1.What is Pascal's Wager?

A.A bet that one cannot lose
B.An argument for probability theory
C.An argument for the existence of God
D.An argument for why you should believe in God
E.None of the above

2.Who was Pascal?

A.A painter
B.A bishop
C.A mathematician
D.None of the above

3. According to Pascal, what probability should you assign to the existence of God?

A.0
B.1
C.0.5
D.Some number strictly between 0 and 1
E.None of the above

4.According to Pascal, what utility will you get if you believe in God and he exists?

A.0
B.Negative infinity
C.Positive infinity
D.Some finite utility
E.None of the above

5.According to Pascal, infinity multiplied by any finite number is:

A.0
B.A smaller infinity
C.A larger infinity
Undefined
D.None of the above

6.To maximise expected utility is to:

A.Choose the action with maximal possible utility
B.Choose the action with maximal worst-case utility
C.Choose the action that results in the greatest utility, no matter how the world turns out
D.None of the above.

7.The "Many Gods" objection to Pascal's Wager is the objection that:

A.There are many gods, and Pascal assumed otherwise
B.There might be other Gods, and Pascal assumed otherwise
C.Pascal assumed that there are many gods
D.None of the above

8.The pay-offs for the St Petersburg Game are:

A.You get \$$2^N$ if the coin lands “tails” on the first toss
B.You get \$$2^N$ if the coin lands “heads” on the last toss
C.You get \$$1/2^N$ if the coin lands “heads” on the $N$th toss
D.You get \$$1/2^N$ if the coin lands “tails” on the $N$th toss
E.You get \$$2^N$ if the coin lands “heads” on the $N$th toss
F.None of the above

9.The expected utility of the St Petersburg Game:

A.Is infinite, and Pascal used this to argue that you should be believe in God
B.Is a large finite number that we cannot name
C.Is negatively infinite
D.None of the above

10.A mixed strategy is:

A.Any strategy that involves mixing some liquids together
B.Any strategy that leads to a utility mixture of different kinds of infinity
C.Is a strategy of randomly choosing a decision matrix
D.Is a strategy of randomly choosing from a set of basic actions
E.None of the above

11.Pascal's Wager is invalid because:

A.It assumes that anyone should assign some positive probability to God's existence
B.It assumes decision theory
C.It's conclusion is something that no-one should believe
D.It is morally bankrupt
E.There are other choices that minimise expected utility besides believing in God
F.None of the above

And, what are your answers? Or do you want us to do the test for you?

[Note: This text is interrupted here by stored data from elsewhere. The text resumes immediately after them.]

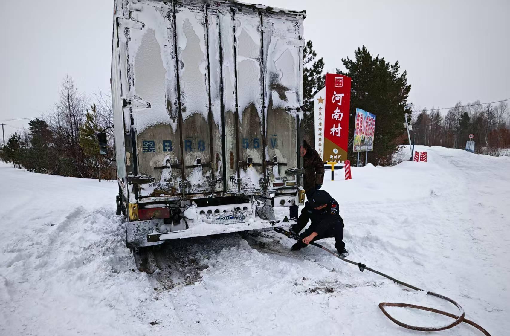 呼瑪縣公安局緊急救助被困大掛車
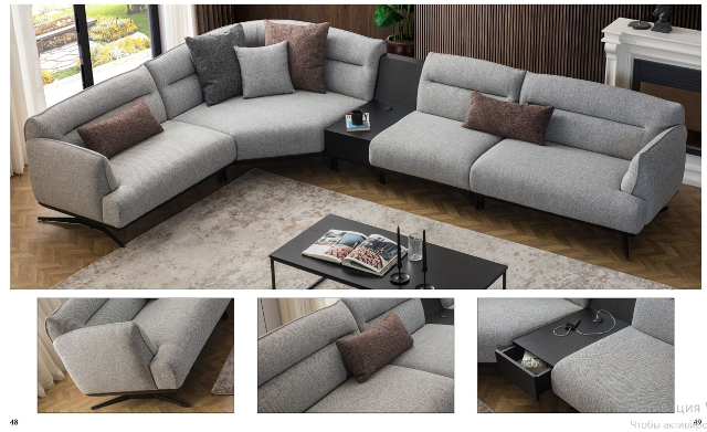 Даная модель дивана представлена как угловая, но на самом деле это модульный комплект мягких частей из которых можно собрать нужный по размеру, по дизайну прямой или угловой диван.
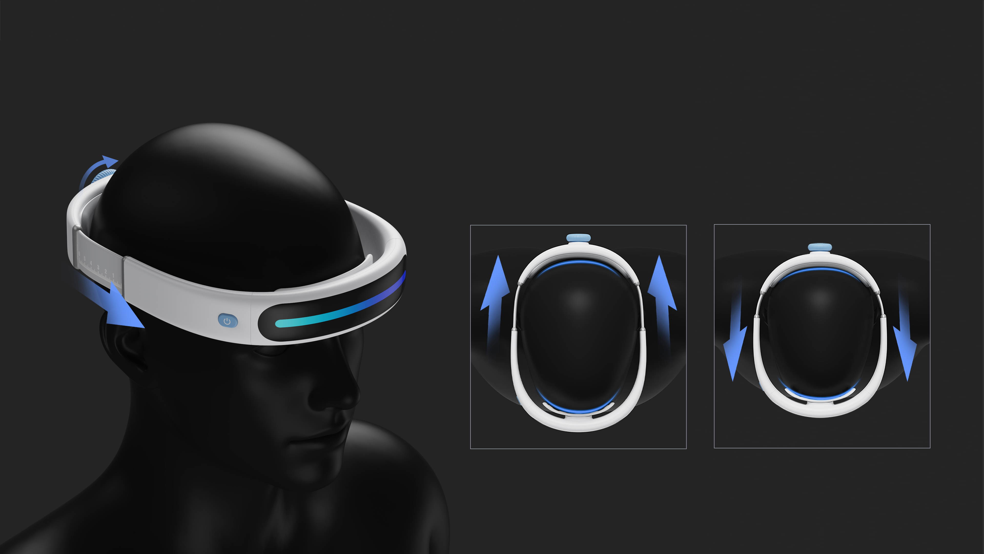 Breaking free from the traditional "bulky, lab-centric" image of brain-computer interfaces, this device establishes a new design paradigm with its lightweight, circular structure and sleek, minimalist, high-tech aesthetic. The intuitive rotary knob replaces traditional straps for quick and easy adjustment. Modular magnetic electrode pads eliminate inefficient factory repairs, demonstrating a deep understanding of user needs in its design. The large black mirrored surface combined with dynamic lighting effects gives the device strong recognition and a futuristic, high-tech presence, elevating it from a mere medical tool to a smart wearable that provides emotional value. The design features an integrated circular structure with a white base tone, conveying pure technological sophistication. A black functional area creates a visual focal point, while a colorful light strip provides an immersive user experience through breathing and rhythmic effects. In terms of material selection, silicone side wings ensure both skin-friendliness and safety, the woven back cushion offers comfort and breathability, and internal sponge padding ensures a light and snug fit. The IML-crafted panel appears as a smooth, understated mirror when idle; once activated, the flowing lights resemble a stage coming alive, vividly demonstrating the aesthetic contrast between "stillness" and "motion." The design revolves around three core principles: "seamless, intuitive, and flexible." Five front-mounted electrodes precisely conform to the forehead, ensuring stable EEG data collection. The rotary knob enables quick and easy fitting, avoiding complex operations. The magnetic electrode pads, with their dual-layer structure, accommodate various head shapes, showcasing the design's inclusivity for individual differences. LED light effects transform abstract data feedback into perceptible visual signals, allowing users to intuitively understand the device's status through changes in light color. This interactive visualization, an extension of its functionality, makes the BCI device less impersonal, fostering a sense of closeness in its use.
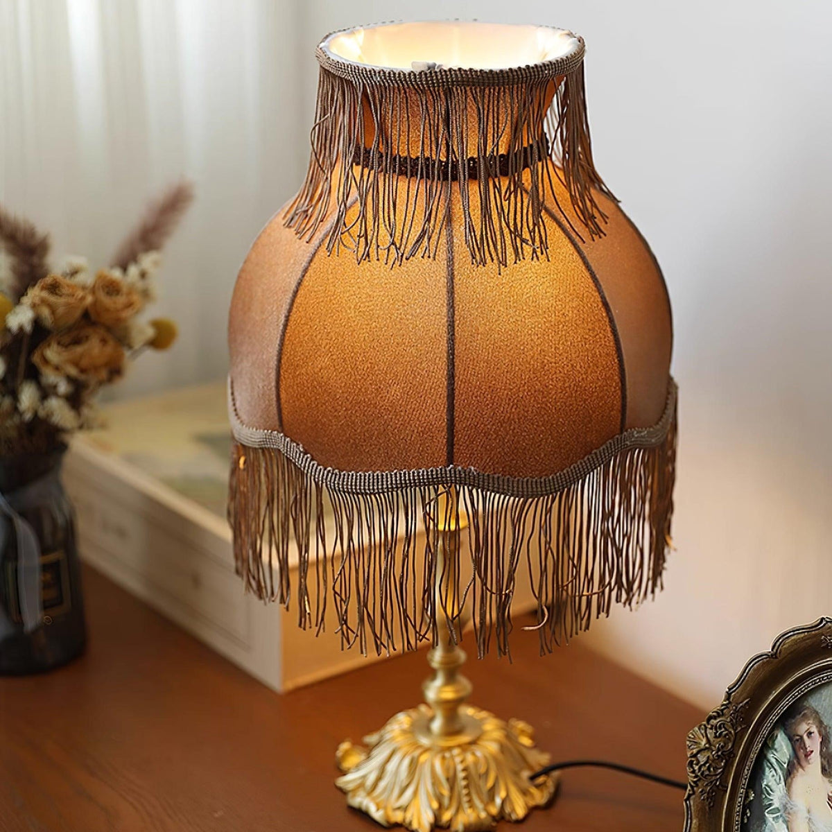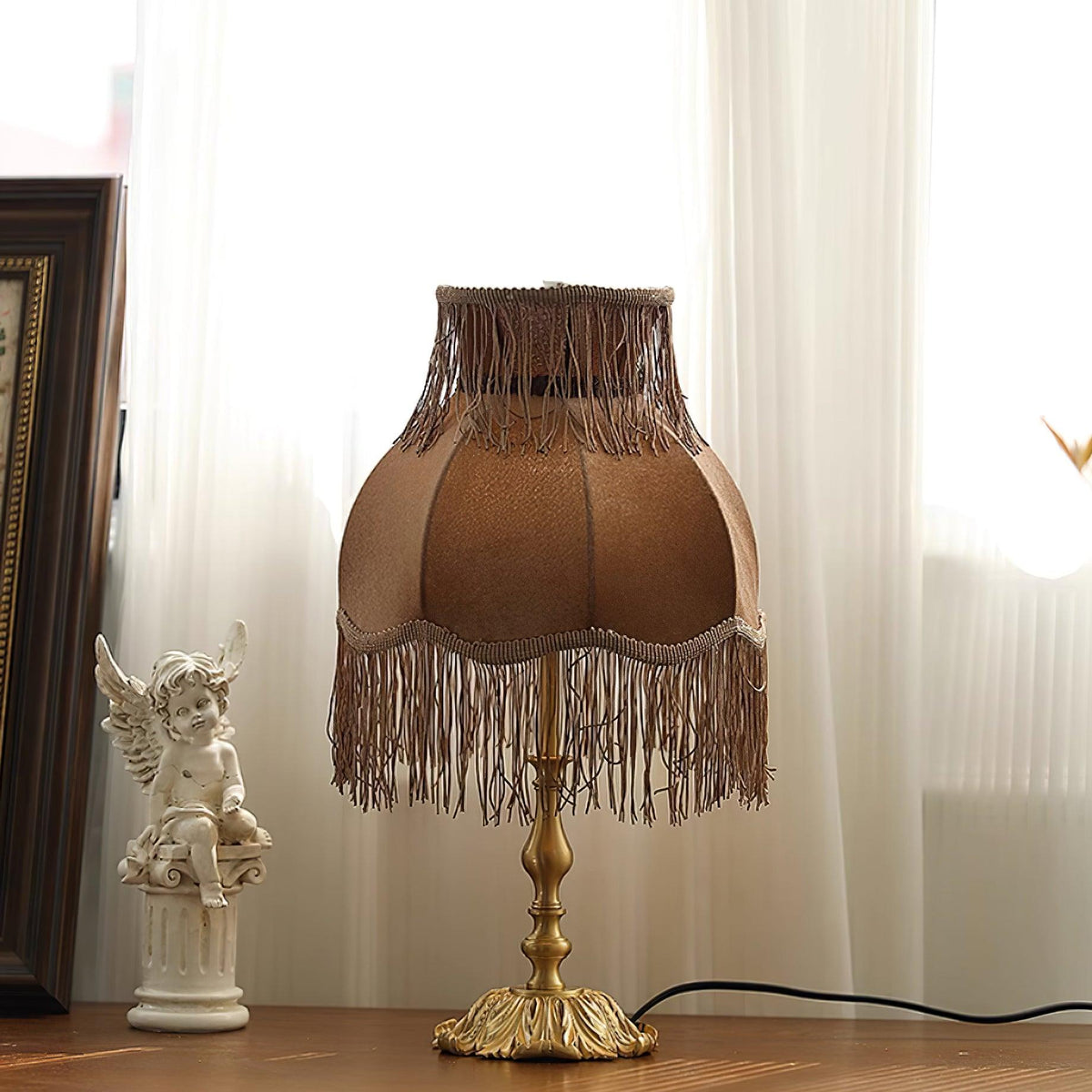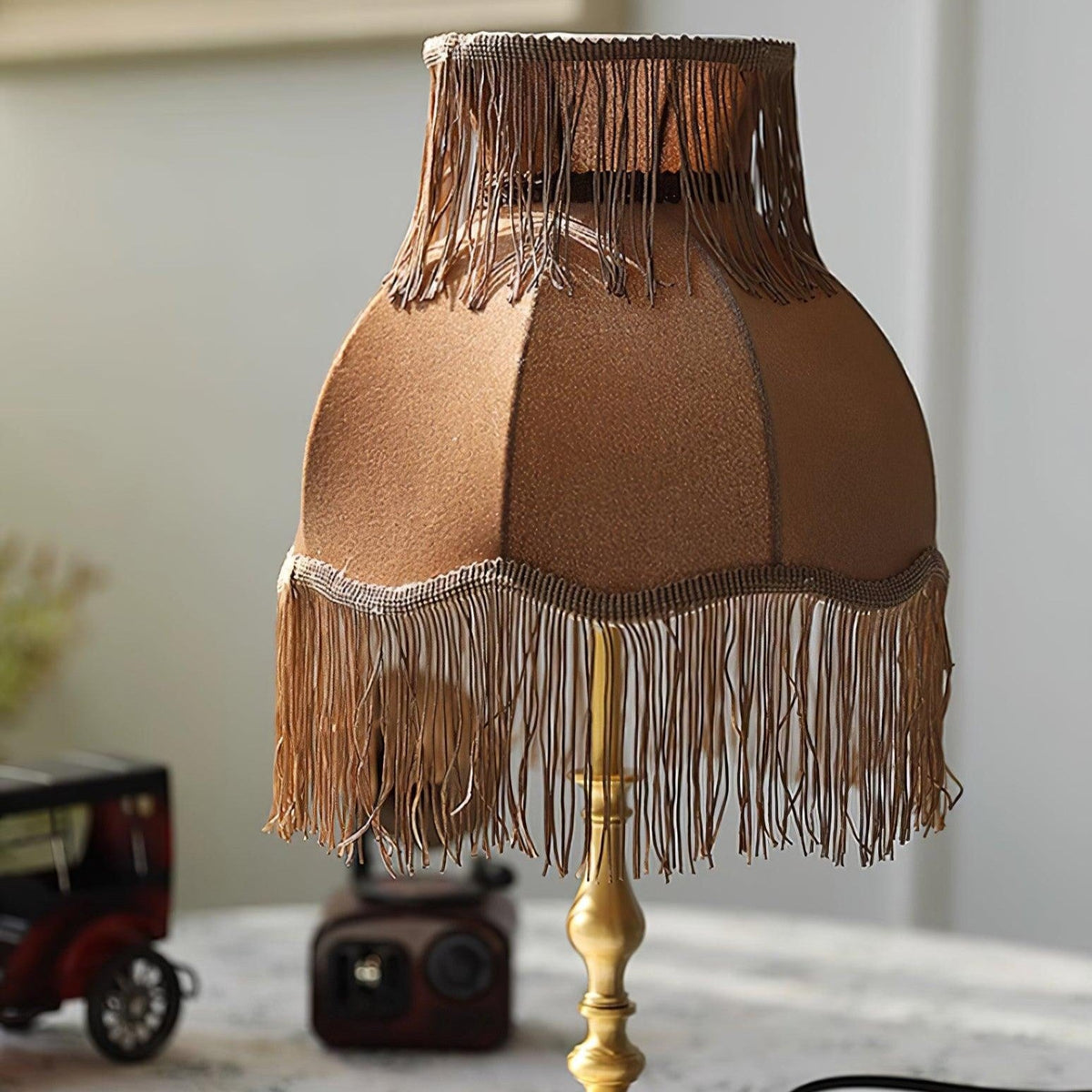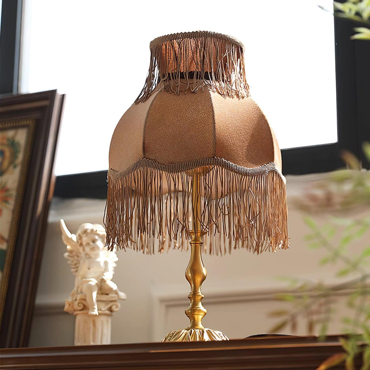 - Elevate your home decor with the stunning Donaway Table Lamp, a grand decoration that embodies luxury and sophistication. This lamp features a beautifully designed tassel lampshade, they cascade gracefully. And crafted with a premium brass base, the Donaway Table Lamp not only ensures durability but also radiates a warm, golden hue that complements its lavish design. The contrast between the rich texture of the tassel shade and the polished brass finish creates a striking visual that is sure to captivate and inspire admiration from your guests.

1. The answer is D. Pascal's Wager is an argument for why you should believe in God.

To understand Pascal's Wager, you need to know that Blaise Pascal was a mathematician, physicist, and philosopher in the 17th century. He put forward an argument that deals with the question of whether or not it is rational to believe in God.

2. The answer is C. Pascal was a mathematician.

Now, let's move to the specifics of Pascal's argument.

3. The answer is D. According to Pascal, you should assign some number strictly between 0 and 1 as probability to the existence of God.

Pascal argued that the existence of God is not a matter of certainty, but it is also not a matter of complete uncertainty. Therefore, you should assign some non-zero probability to the existence of God.

4. The answer is C. According to Pascal, if you believe in God and he exists, you will gain infinite utility.

Pascal reasoned that the potential reward for believing in God and living a life devoted to him is eternal happiness in heaven, which he considered to be of infinite utility.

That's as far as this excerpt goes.